Fakty i mity na temat strzeżonych osiedli
Zastodowanie geowłókniny daje Ci gwarancję jakości https://tumieszkamy.pl/zarzadzanie-nieruchomosciami-torun
Strzeżone osiedla mieszkaniowe mają zarówno wiele wad, jak i zalet. Bezpieczeństwo to chyba ich największy atut, chociaż przeciwnicy strzeżonych osiedli zarzucają, że i tutaj nie można w pełni liczyć na ochronę swojego dobytku.
Kolejny zarzut wiąże się z elitarnością tych osiedli i zamykaniem się przed światem, poprzez tworzenie sztucznych barier. Natomiast zwolennicy uważają, że żyjemy przecież w realnym świecie poza osiedlami, więc poprzez samo mieszkanie za bramką nie zamkniemy się na świat i nie staniemy się bardziej samotni.
Dlatego eksperci próbują wyjaśniać te wątpliwości i obalać mity na temat takich osiedli.

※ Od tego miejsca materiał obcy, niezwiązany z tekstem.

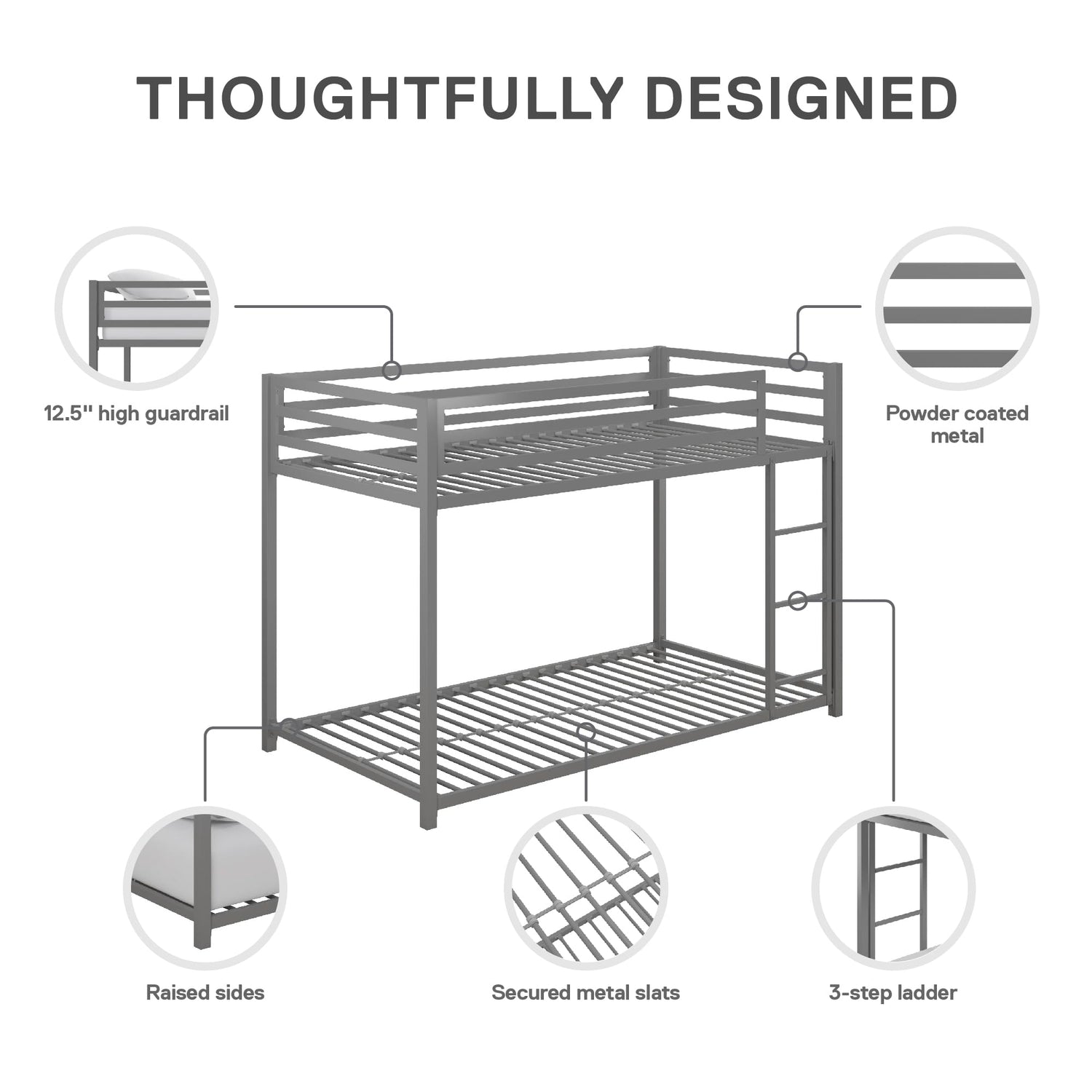 DHP Miles Silver Low Metal Bunk Bed Frame for Kids - Twin Over Twin with Built-in Ladder and High Guardrails

Niestety, trudno znaleźć jakiekolwiek statystyki mówiące o bezpieczeństwie takich osiedli, wydaje się jednak oczywiste, że ochrona i monitoring odstraszają potencjalnych złodziei i wandali.
cristalpark.eu/oferta/luksusowe-apartamenty-warszawa
Poziom wandalizmu jest jednak – podobno – dużo mniejszy niż na osiedlach niestrzeżonych, młodzież z tak zwanych złych środowisk nie ma tam często wstępu, a ochrona powinna złapać, chociażby potencjalnych graficiarzy. W ochronie jednak często zatrudniani są emeryci, studenci, czy osoby z grupą inwalidzką! Można więc kwestionować ich szybką reakcję i skuteczność.
Monitoring oczywiście może pomóc chwycić złodzieja, a na pewno odstraszy nieprofesjonalistów, jednak gdy ktoś planuje poważne włamanie żadna kamera nie uratują naszego majątku. Jest też utrudniony wstęp osób spoza osiedla, nie znających kodu, czy nie mających karty, możemy więc z lżejszym sercem wypuszczać dzieci na place zabaw.
I to niewątpliwie duży atut takich osiedli.